Task description: Everything in the data below except the pictures must be repeated word for word.

Data excerpt:

#####

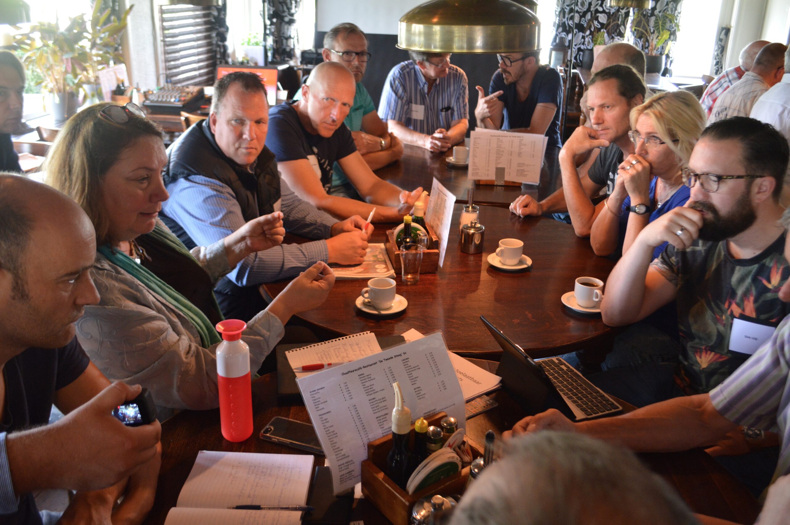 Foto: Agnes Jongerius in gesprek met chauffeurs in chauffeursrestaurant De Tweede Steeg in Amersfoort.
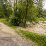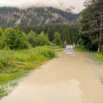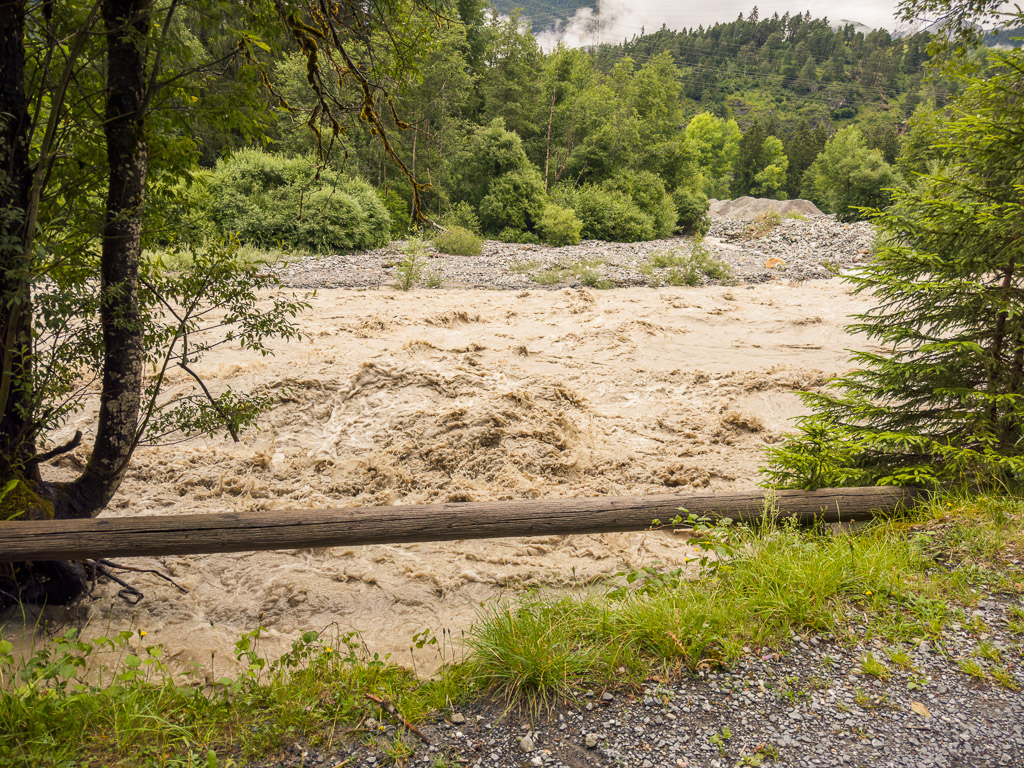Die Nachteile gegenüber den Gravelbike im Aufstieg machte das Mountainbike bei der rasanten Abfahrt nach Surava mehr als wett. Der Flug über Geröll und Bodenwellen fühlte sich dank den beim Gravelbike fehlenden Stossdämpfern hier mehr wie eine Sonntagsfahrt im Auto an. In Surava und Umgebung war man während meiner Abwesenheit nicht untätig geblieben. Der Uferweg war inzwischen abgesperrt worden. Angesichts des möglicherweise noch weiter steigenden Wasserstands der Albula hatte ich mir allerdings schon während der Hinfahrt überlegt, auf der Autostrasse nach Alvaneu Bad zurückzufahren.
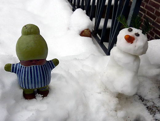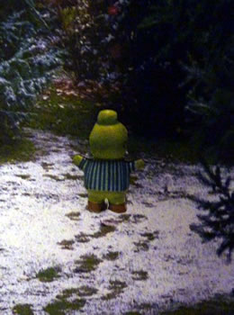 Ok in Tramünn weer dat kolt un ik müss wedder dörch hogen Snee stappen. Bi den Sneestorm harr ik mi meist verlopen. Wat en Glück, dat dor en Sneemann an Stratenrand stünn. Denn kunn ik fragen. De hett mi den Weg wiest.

#####

Written answer:
 Foto: Agnes Jongerius in gesprek met chauffeurs in chauffeursrestaurant De Tweede Steeg in Amersfoort.
Die Nachteile gegenüber den Gravelbike im Aufstieg machte das Mountainbike bei der rasanten Abfahrt nach Surava mehr als wett. Der Flug über Geröll und Bodenwellen fühlte sich dank den beim Gravelbike fehlenden Stossdämpfern hier mehr wie eine Sonntagsfahrt im Auto an. In Surava und Umgebung war man während meiner Abwesenheit nicht untätig geblieben. Der Uferweg war inzwischen abgesperrt worden. Angesichts des möglicherweise noch weiter steigenden Wasserstands der Albula hatte ich mir allerdings schon während der Hinfahrt überlegt, auf der Autostrasse nach Alvaneu Bad zurückzufahren.
 Ok in Tramünn weer dat kolt un ik müss wedder dörch hogen Snee stappen. Bi den Sneestorm harr ik mi meist verlopen. Wat en Glück, dat dor en Sneemann an Stratenrand stünn. Denn kunn ik fragen. De hett mi den Weg wiest.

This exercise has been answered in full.